Importantly, the State Government has committed to retaining a selective high school at Hurlstone's current Glenfield site as part of the transition. This represents a significant expansion of the highest-quality secondary educational opportunity across Western Sydney.

The co-location of our University and a selective STEM and agricultural high school will see the see the construction of purpose-built facilities for the school's 1,500 students, including high-tech learning spaces and advanced technologies, along with new boarding facilities, playing fields and outdoor learning spaces.

For the University, this very important partnership with the NSW Government will serve to significantly enhance our agriculture education platform in a collaborative and highly integrated way. It will serve to showcase the University's world leading science, agricultural, STEM and environmental research and facilities, placing them at the centre of teaching and research activities.

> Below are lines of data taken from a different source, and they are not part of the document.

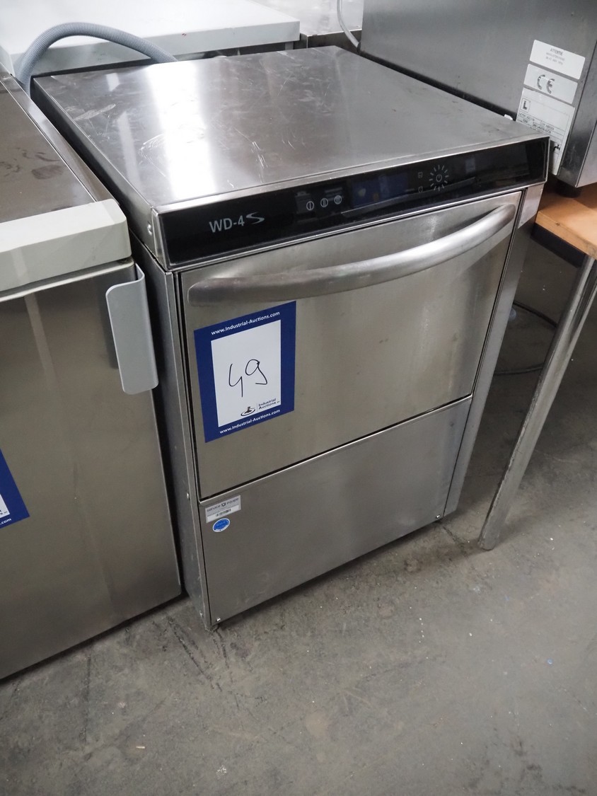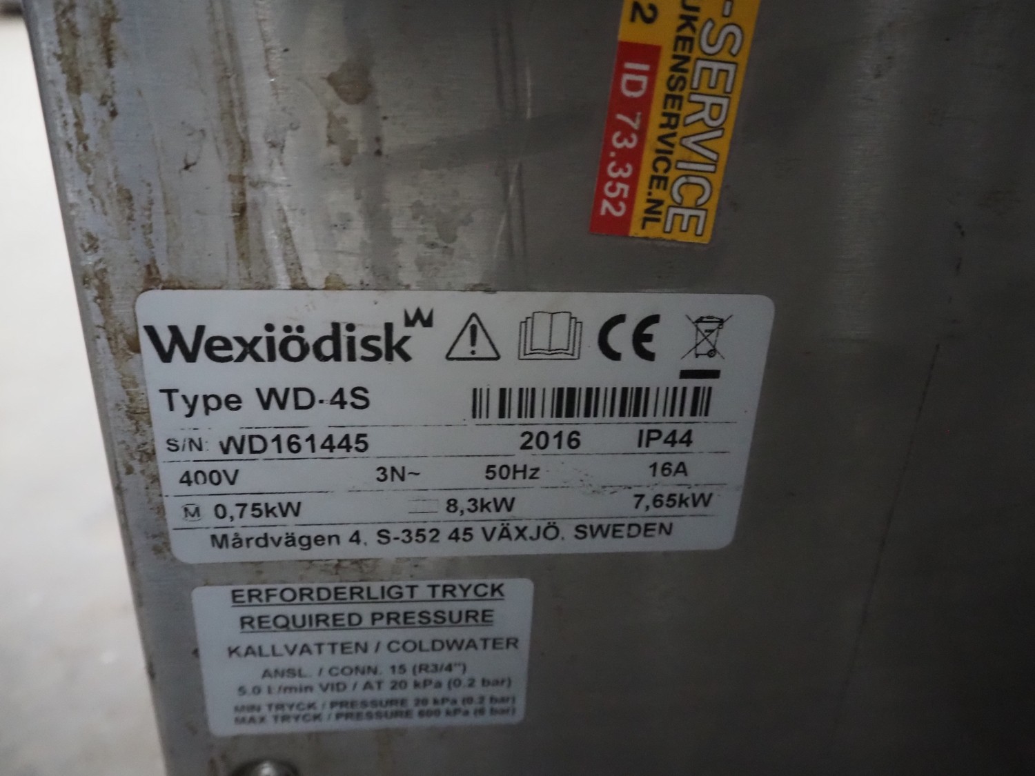 Rhima dishwasher, type: WD-4S, serial number: WD161445, year of construction: 2016, 400 V, 3 Ph, 50 Hz, 16 A, 7.65 kW, inside dimensions: 510 mm x 530 mm, total dimensions: 600 mm x 670 mm x 860 mm.
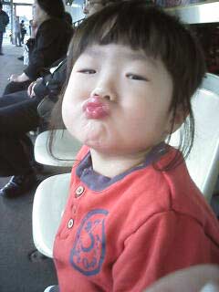 電車が遅れてなかなか来ない。 ブーたれ顔をする息子。 |
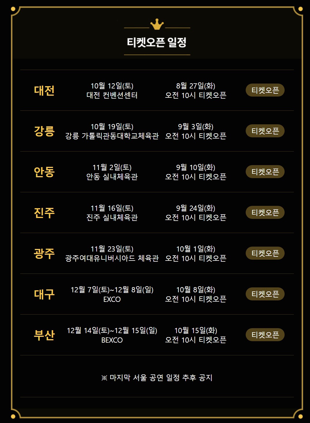 나훈아콘서트 날짜 대전 강릉 안동 진주 광주 대구 부산 예매하기
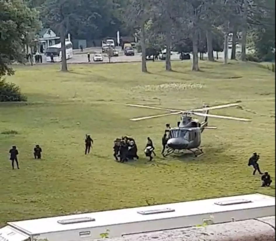 Patrijarh SPC Porfirije i mitropolit crnogorsko primorski Joanikije stigli su u Cetinjski mansatir helikopterom. Njih obezbjeđuju jake policijske snage.
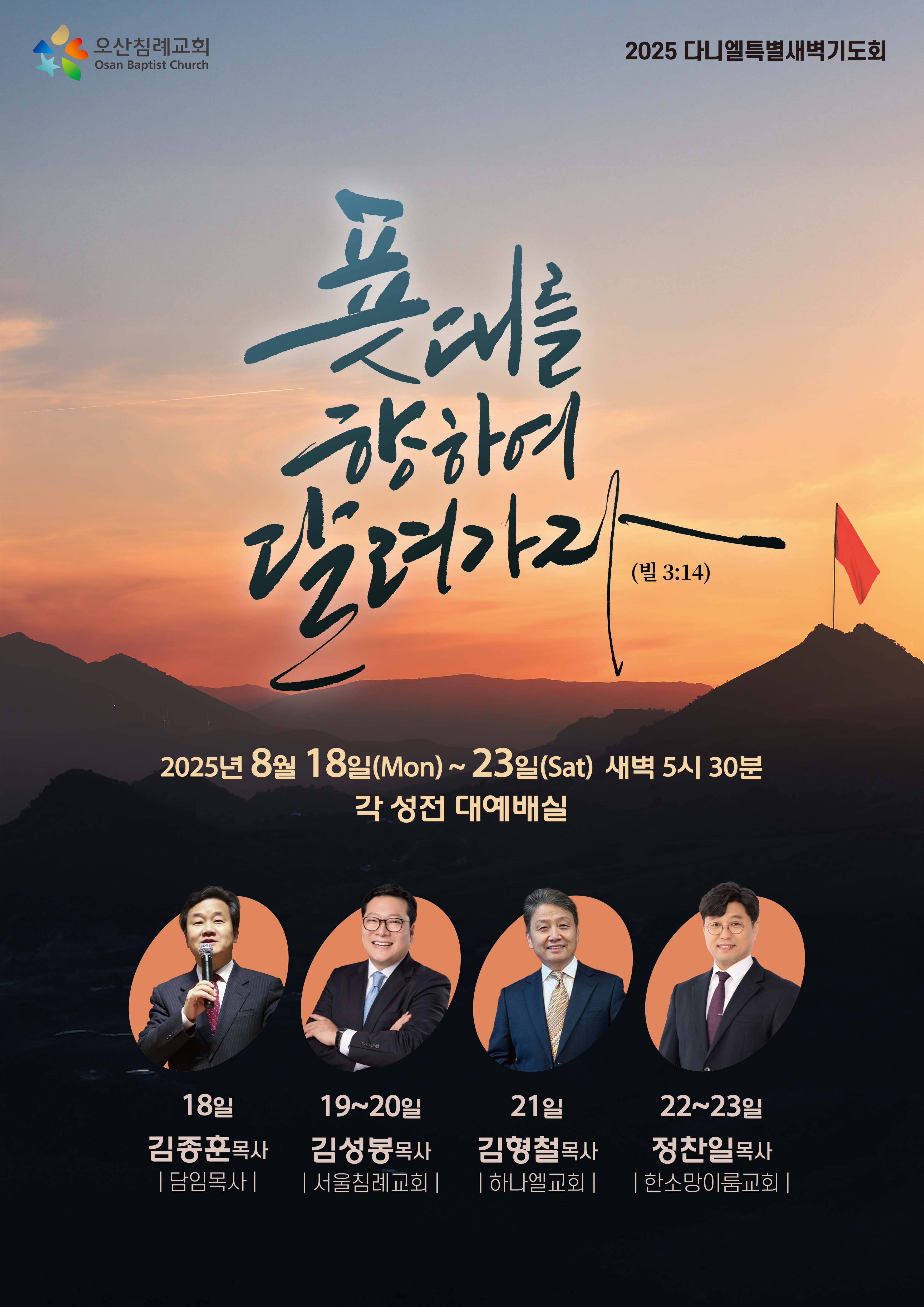 8월 18일(월)부터 23일(토)까지 6일간 "푯대를 향하여 달려가자"라는 주제로 진행된 다니엘 특별새벽기도회가 하나님의 은혜 가운데 마무리되었습니다.
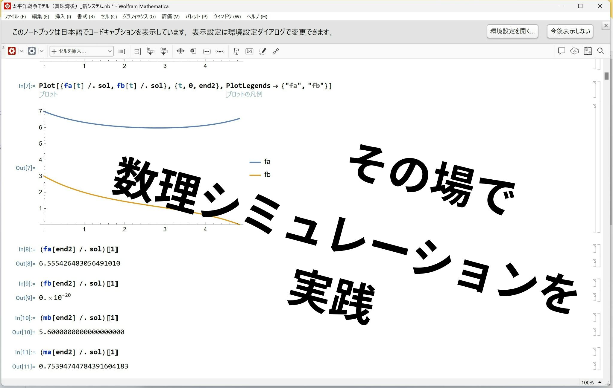 こちらのノートブックファイルがあれば(他にMathematicaのライセンスが必要ですが)、菊地の研究の検証や、パラメータを変えて自分自身のオリジナルのシミュレーションをすることも可能になります!
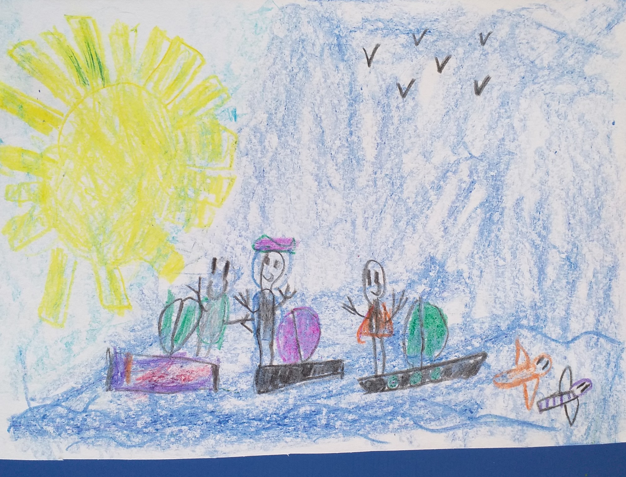 Zēns izmantoja vaska krītiņus. Viņš sapņo doties ceļojumā kopā ar draugiem laivās
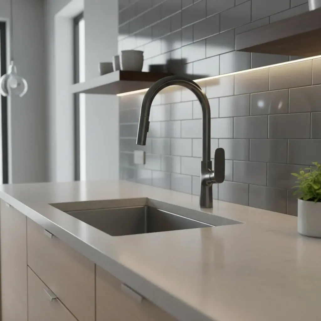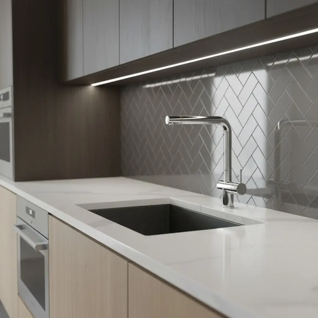 Kitchen tap Empolo. Brushed gold, modernist L-shaped design and high spout.
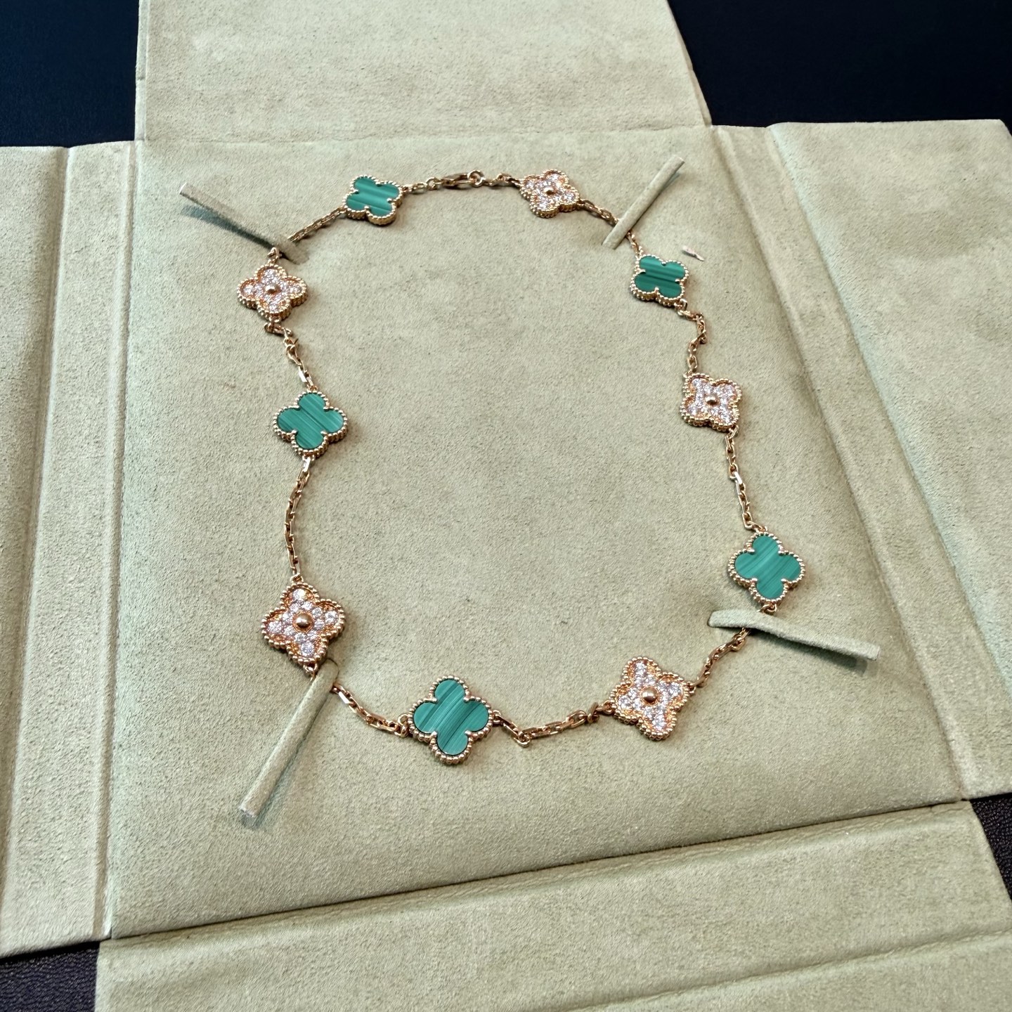 Vintage Alhambra18K黄金孔雀石钻石十花项链

Agriculture contributes $12 billion to the NSW economy. Deloitte Access Economics identified it as one of five 'next wave' sectors of the Australian economy in the wake of the mineral and resources boom. The outlook for the sector is strong, and the potential for us to become a global leader in agricultural innovation is real. This is why programs that combine the latest developments in agriculture with the core elements of STEM education are so critical. This is what we are building at Hawkesbury.

Hawkesbury is also the focus of the University's significantly progressed strategy to create an Agripark; a concentration of industry, teaching and research innovation in agriculture and agribusiness. As part of a broader Innovation Corridor stretching from Campbelltown in the south, Penrith in the middle, and Hawkesbury in the north, the Agripark will bring together world-leading expertise in land-based innovation in a peri-urban and internationally connected setting. With a focus on developing intensive, high-yield, technology interfaced agricultural practice, the Agripark will also work to address spoilage, logistics, distribution, production and market challenges in agriculture both at the domestic and the global level.

Initiatives like the Agripark and vertically integrated education are relatively new, but they are founded on the back of a strong history and tradition. The University is deeply proud of its connection to agricultural education, dating back to the commencement of the Hawkesbury Agricultural College in 1891. We are excited by the opportunities this partnerships provides to help us renew and progress this proud agricultural education tradition and to support Western Sydney's continued emergence as a key driver of Australia's innovation agenda.

Thank you for joining us today to celebrate Hawkesbury and our University. I hope you enjoy the opportunity to connect with your former classmates and teachers here today and I look forward to seeing you again at next year's event.